*** MATERIAL PROVIDED ***

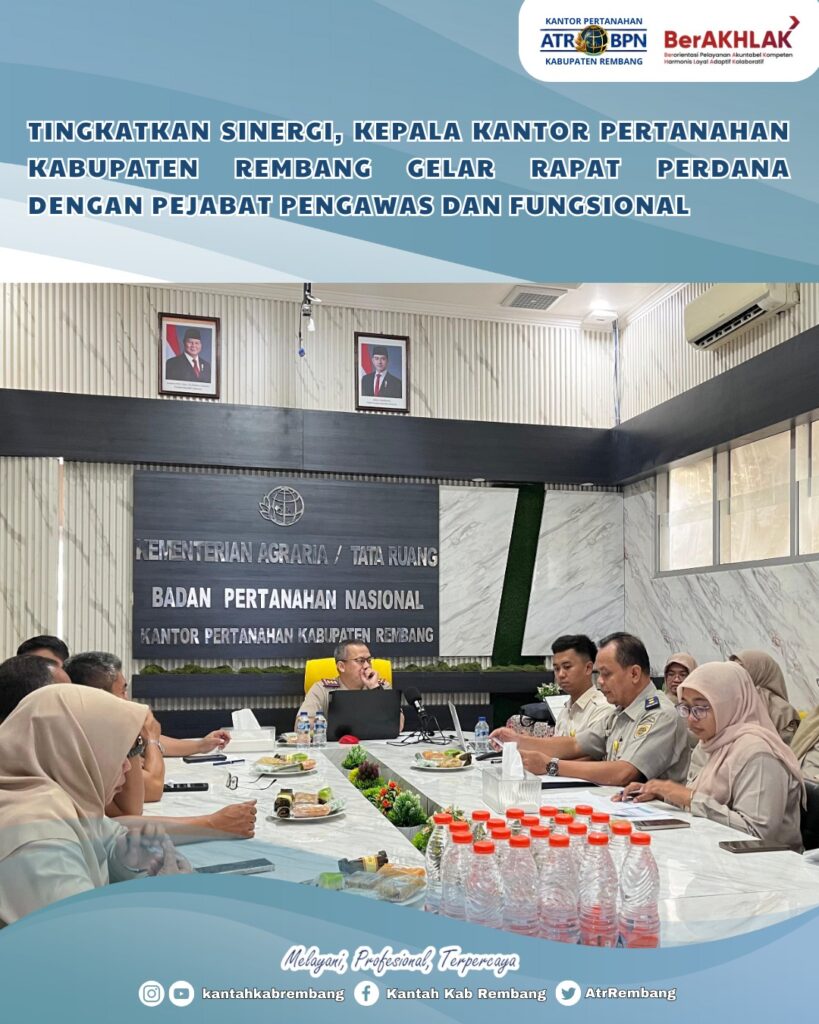 Rembang — Kepala Kantor Pertanahan Kabupaten Rembang, Mansur Fahmi, menggelar rapat perdana bersama seluruh Pejabat Pengawas dan Pejabat Fungsional di ruang rapat pada Selasa (16/09/2025). Pertemuan ini merupakan langkah awal dalam membangun sinergi dan menyamakan persepsi dalam pelaksanaan tugas di lingkungan Kantah Rembang.
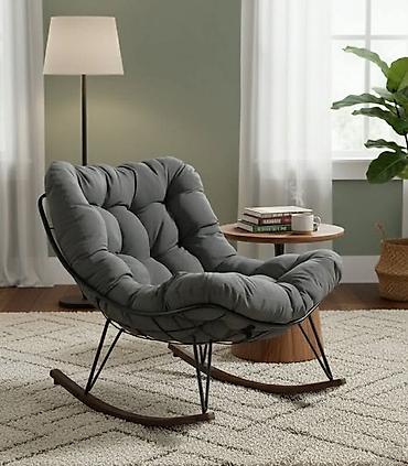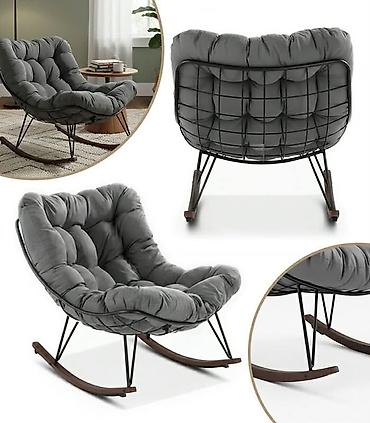 - Dizajn: moderna njihajuća fotelja sa dubokim, školjkastim sedištem i naglašenim prošivima za dodatnu udobnost.
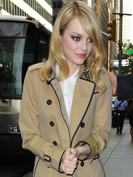It’s officially Spring, though it still feels like the freeze is on in NYC. In celebration of shedding the major coat and walking more in the city, we picked a variety of CHIC light jackets to get you excited. To keep it even more inspiring, we’ve selected a handful of CELEBs and VIPs sporting a BURBERRY variation of the Trench including Jessica Chastain, Gabriella Wilde in that amazing purple number, Jennifer Lawrence, and Emma Stone. The trench is one of the most versatile staples in a girl’s wardrobe, and somehow that go-to light khaki tells us, yes- it’s getting brighter after all.
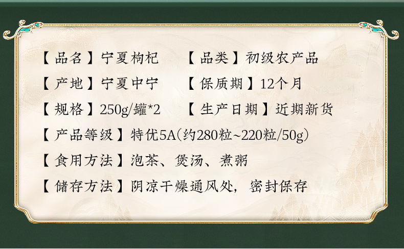 商品名称:正宗宁夏枸杞特级250g*2罐
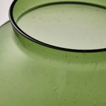 В этой круглой вазе из прозрачного зеленого стекла с мелкими пузырьками будут одинаково прекрасно смотреться элегантные розы и простой букет цветов.
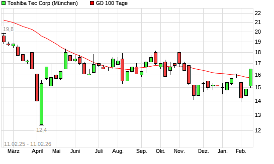 Mit dem Anstieg auf 15,90 EUR hat die Toshiba Tec-Aktie am 10.02.2026 die 100-Tage-Linie nach oben gekreuzt.Die Toshiba Tec-Aktie befindet sich seit dem 31.10.2025 im langfristigen Abwärtstrend ...weiterlesen
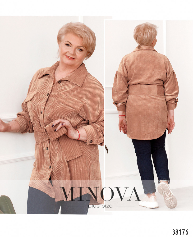 Очаровательная рубашка плюс сайз с широким поясом и двумя шлейками под пояс по бокам. На груди – накладные карманы, воротничок отложной, застёгивается рубашка на ряд пуговиц спереди на планке. На рукавах – небольшие манжеты с одной пуговицей. Без подкладки. Подол по спинке чуть длиннее.
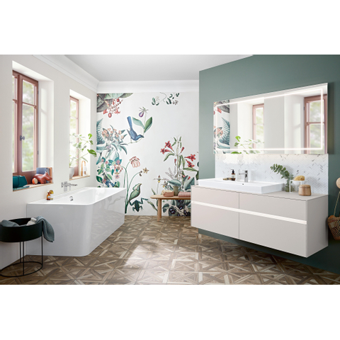 Avec sa face inférieure parfaitement rectifiée, ce lavabo est idéal à combiner avec un meuble bas ou un meuble de salle de bains sur mesure. Le format de 100 cm permet une configuration généreuse, par exemple comme élément phare dans une salle de bains familiale ou comme lavabo confortable dans une grande salle de bains d’amis ou de style hôtel. La large plage de robinetterie vous donne la liberté de regrouper les accessoires de manière ordonnée, afin que l’ensemble paraisse calme et organisé. Choisissez un meuble assorti en dessous, en aspect bois, blanc mat ou dans une couleur marquée, et créez facilement le style qui s’harmonise avec votre intérieur, du scandinave clair et aéré au style épuré et minimaliste. Ce lavabo constitue ainsi la base idéale pour une salle de bains qui vous ressemble entièrement.
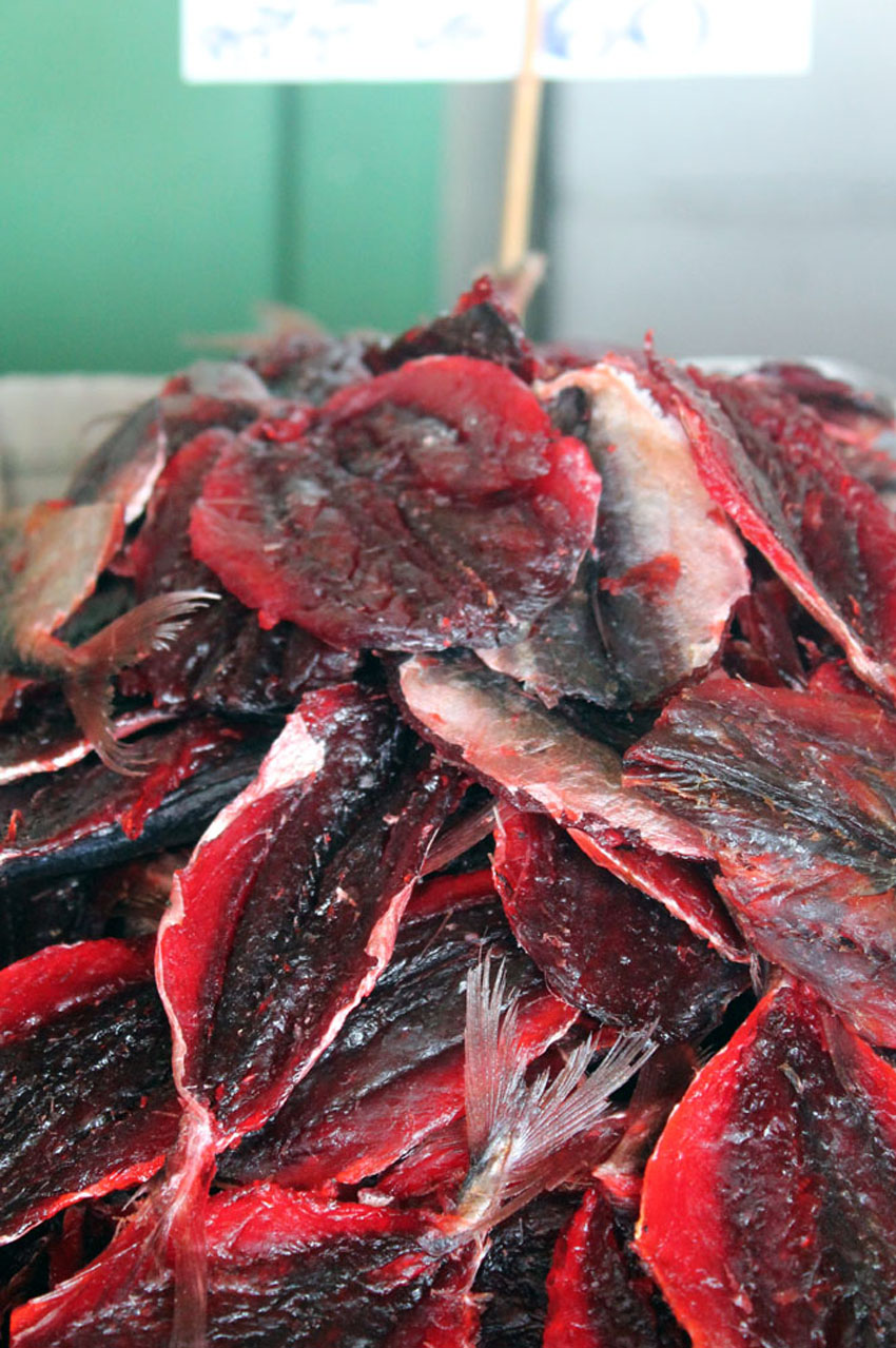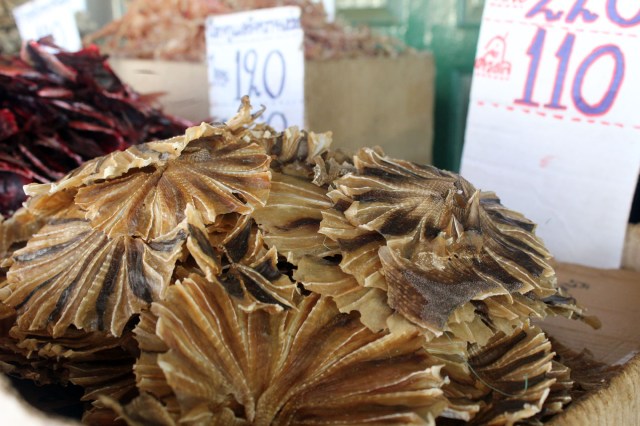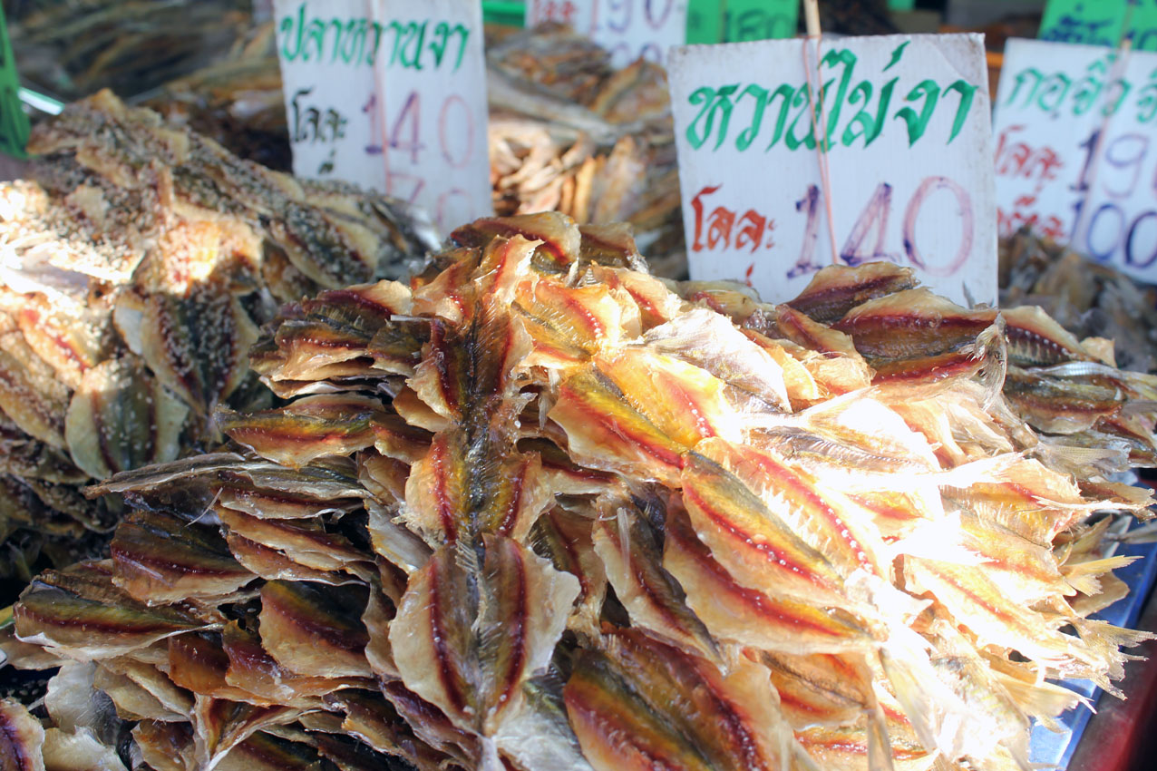Nous descendons à la hauteur du Grand Palais et traversons un marché de poissons séchés. Sont empilés sur du papier journal, dans des caissettes en plastique, des filets au dos épineux, pourpres ou striés de jaune, aux ourlets diaphanes et cassants, des espèces d’étoiles rugueuses, cannelées, dont seules deux minuscules orbites rapprochent du règne animal ainsi que des sèches entières, scellées les unes aux autres par la déshydratation et que l’on semble pouvoir rompre selon le pointillé à l’instar de ces pièces de modélisme en kits.
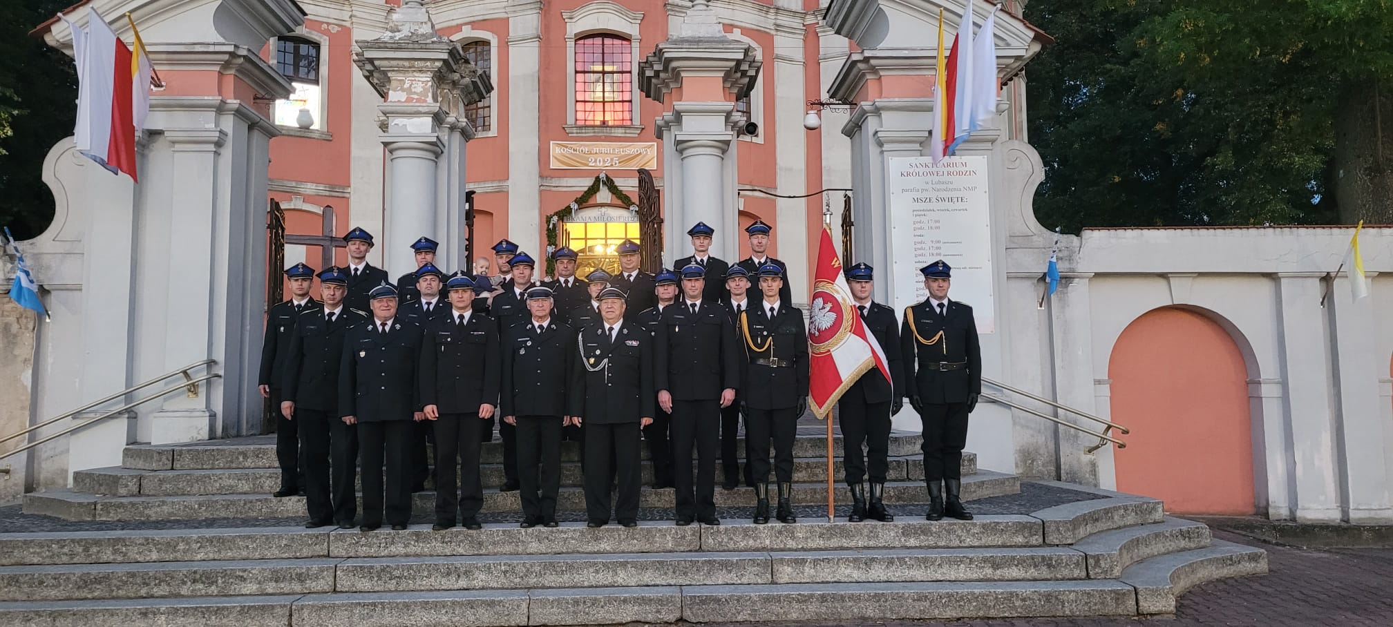 03.09.2025 r. o godz. 18:00 tradycyjnie jak każdego roku organizowany jest w czasie odpustu ku czci Matki Boskiej Lubaskiej Królowej Rodzin, dzień modlitw nie tylko w intencji wszystkich strażaków ale również w intencji innych służb mundurowych. Na zaproszenie Proboszcza Parafii pw. Narodzenia Najświętszej Maryi Panny w Lubaszu ks. kan. Macieja Grzesia - Kustosza Sanktuarium Maryjnego, zareagowało szereg służb mundurowych i umundurowanych tj.: Strażacy - funkcjonariusze Państwowej Straży Pożarnej i druhowie Ochotniczych Straży Pożarnej; Funkcjonariusze Policji; Leśnicy i Myśliwi. W trakcie mszy św. dziękczynnej z nowenną w XXV rocznicy koronacji obrazu Matki Bożej Lubaskiej Królowej Rodzin w Lubaszu na okoliczność rozpoczęcia odpustu uroczyście wprowadzono sztandary służb mundurowych. Msza św. przeprowadzona została pod przewodnictwem ks. abp. Metropolity Poznańskiego Zbigniewa Zielińskiego.

***

• **ACTION ITEM**:
In the listing above, find the line containing "Avec sa face" and the line containing "Nous descendons à"; print those lines and every line between them exactly, leaving out pictures.

• **FINISHED EXERCISE**:
 Avec sa face inférieure parfaitement rectifiée, ce lavabo est idéal à combiner avec un meuble bas ou un meuble de salle de bains sur mesure. Le format de 100 cm permet une configuration généreuse, par exemple comme élément phare dans une salle de bains familiale ou comme lavabo confortable dans une grande salle de bains d’amis ou de style hôtel. La large plage de robinetterie vous donne la liberté de regrouper les accessoires de manière ordonnée, afin que l’ensemble paraisse calme et organisé. Choisissez un meuble assorti en dessous, en aspect bois, blanc mat ou dans une couleur marquée, et créez facilement le style qui s’harmonise avec votre intérieur, du scandinave clair et aéré au style épuré et minimaliste. Ce lavabo constitue ainsi la base idéale pour une salle de bains qui vous ressemble entièrement.
Nous descendons à la hauteur du Grand Palais et traversons un marché de poissons séchés. Sont empilés sur du papier journal, dans des caissettes en plastique, des filets au dos épineux, pourpres ou striés de jaune, aux ourlets diaphanes et cassants, des espèces d’étoiles rugueuses, cannelées, dont seules deux minuscules orbites rapprochent du règne animal ainsi que des sèches entières, scellées les unes aux autres par la déshydratation et que l’on semble pouvoir rompre selon le pointillé à l’instar de ces pièces de modélisme en kits.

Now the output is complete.